Bir zaman sonra Bulgar Kralı Ferdinand, Mustafa Kemal’i yanına davet eder ve genç subayı hem över hem de kendisine gümüş bir tabaka hediye eder.
Balo, sabahın ilk ışıklarına dek sürer. Gösterinin bitmesine yakın İspanya Maslahatgüzarı, Mustafa Kemal’i evine davet etmek ister. Davete icabet eden Mustafa Kemal’in ünlü “Yeniçeri Atatürk” fotoğrafı işte bu evin şark köşesinde çekilir.
2. Mustafa Kemal’in basında ilk “gülen” fotoğrafı çekilecek
Kurtuluş Savaşı, son raddeye varmak üzere. Düzenli ordu, cephelerdeki eksiklerin belirlenmesiyle son hazırlıklarını yapmakta. En ufak bir hata koca bir bağımsızlık mücadelesinin sonunu getirme riskini taşımakta. Ve mücadelelerin tüm neferleri bunu iliklerine kadar hissetmekte haliyle.
Mustafa Kemal, düşman güçlerine indirilecek darbe için hazırlıkları yönetirken 17 Haziran 1922’de Kocaeli’ye geçer. Bu olay medyanın merceği altındadır. Çok sayıda gazeteci bölgede Atatürk’ün teftişlerini duyurma amacıyla Geyve’de konuşlanır.

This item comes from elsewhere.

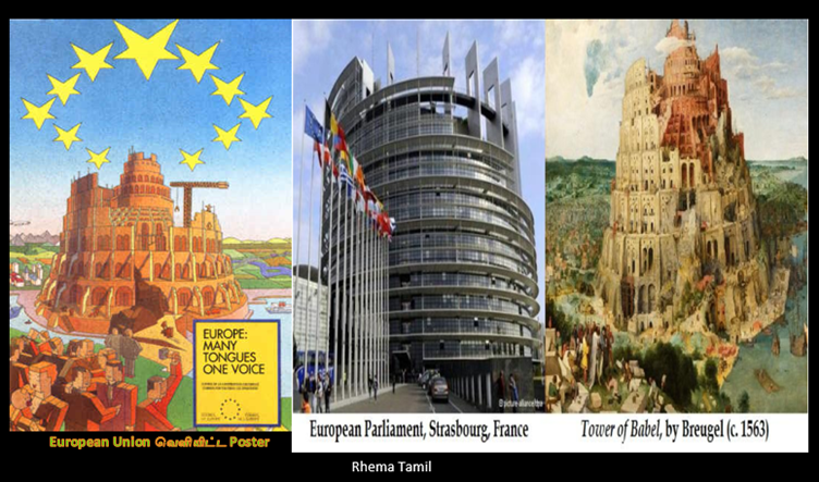 இந்த நிம்ரோத் ஆரம்பித்த ஒரே ராஜ்யம், ஒரே மொழி, ஒரே கடவுள் என்பது அன்றோடு அழியவில்லை. இன்றும் இருக்கிறது. நிம்ரோத் விட்டுச் சென்ற அதே கோபுர வடிவில் தான், European Union HQ உள்ளது. அவர்கள் வெளியிட்ட ஒரு போஸ்டரில், பாபேல் கோபுர படமும், ஒரு கிரேன் அதற்கு பின்னாக இருப்பதை போலவும் வெளியிட்டார்கள். அதற்கு அர்த்தம் கோபுரம் இன்றும் கட்டப்பட்டுக் கொண்டிருக்கிறது. இந்த பாபேல் கோபுரத்தைக் கட்டியதால் பாஷைகள் பிரிந்தது. இந்த போஸ்டரில், Many tongues, One Voice என்று எழுதப்பட்டிருக்கும். உலக நாடுகளின் சமாதானத்துக்காக இந்த யூனியன் இருக்கிறது என்று சொல்லி, இதன் கீழ் உலக நாடுகள் இணைந்து கொண்டிருக்கிறது, நாமும் கூட சம்பந்தமே இல்லாமல் Union of India என்று தான் Driving Licence கூட பெறுகிறோம். நிம்ரோத் ஆரம்பித்தது இன்றும் உள்ளது. கர்த்தரின் வருகை வரை இருக்கும்.

Atatürk ve Tıbbiyeli Muhterem arasında geçen diyalog
O gün Geyve’deki kalabalıkta Tıbbiyeli Muhterem de bulunmakta. Teftişe ara verildiği bir sırada Tıbbiyeli Muhterem, Mustafa Kemal’in fotoğrafını çekmek ister ve Paşa’ya bu isteğini ifade eder. Mustafa Kemal de isteği reddetmez ve gencin fotoğraf makinesine poz verir. Muhterem Bey’in eli denklanşördedir ama Mustafa Kemal’den bir istekte daha bulunur; “Paşam, fotoğraflarınızda hep sert ifadelerle poz veriyorsunuz. Sizden rica etsem gülümser misiniz?” Bu ikinci istek orada bulunanların şaşkınlık ve Halit Paşa başta olmak üzere bazı kurmayların kızgınlık yaşamasına neden olur. Çünkü bu istek, onlara göre ciddiyetsiz, laubali bir istektir.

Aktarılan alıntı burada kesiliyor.